You are viewing a plain text version of this content. The canonical link for it is here.
Posted to users@nifi.apache.org by naga satish <cn...@gmail.com> on 2020/11/27 15:57:40 UTC

Extracting fields that are enveloped in quotes.

I have some pipe delimited files.
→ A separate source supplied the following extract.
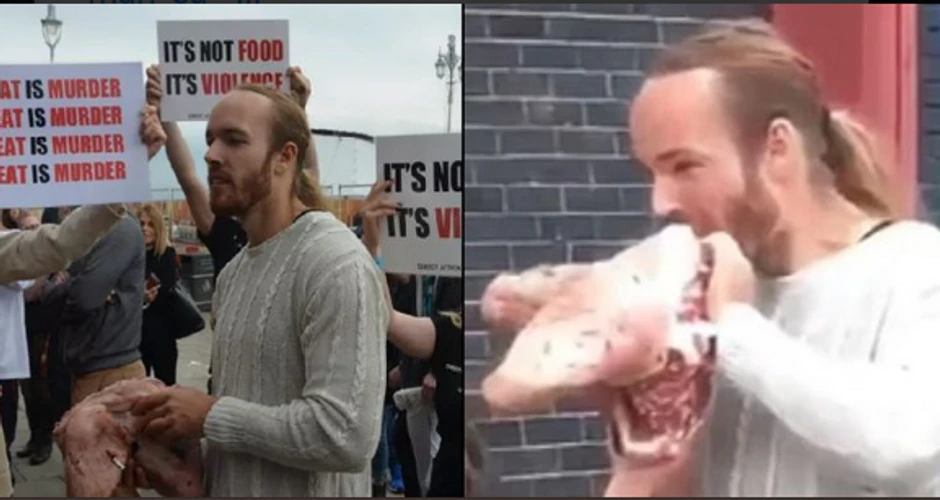 Ispred Centra "Brajton", izložbene i konferencijske dvorane u istoimenom gradu u kojoj je održan festival veganske ishrane VegFest, snimljen je muškarac kako odgriza komade mesa iz sirove svinjske glave.

Each field is bounded by quotes like
this.

"Created_Date__c"|"CreatedById"|"CreatedDate"|"Guid_c"
"2020-03-02 00:00:00"|"0053i000002XCpAAG"|"2020-03-02
16:01:34"|"94bf83ccf9daf610VgnVCM100000307882a2RCRD"
"2020-03-03 00:00:00"|"0053i000002XCpAAG"|"2020-03-03
09:15:56"|"1a4bb238cdedd610VgnVCM100000307882a2RCRD"
"2020-03-03 00:00:00"|"0053i000002XCpAAG"|"2020-03-03
09:52:33"|"22408baca6fee610VgnVCM100000307882a2RCRD"

I need to cleanse this data and the needs to look like this.

Created_Date__c|CreatedById|CreatedDate|Guid_c
2020-03-02 00:00:00|0053i000002XCpAAG|2020-03-02
16:01:34|94bf83ccf9daf610VgnVCM100000307882a2RCRD
2020-03-03 00:00:00|0053i000002XCpAAG|2020-03-03
09:15:56|1a4bb238cdedd610VgnVCM100000307882a2RCRD
2020-03-03 00:00:00|0053i000002XCpAAG|2020-03-03
09:52:33|22408baca6fee610VgnVCM100000307882a2RCRD

I tried using ReplaceText with these configurations.
search value - ^"(.*)"$ and Replacement Value - $1. But these
configurations is not working and the file is routing to failure. not sure
what might be the issue. What can i do to solve this issue?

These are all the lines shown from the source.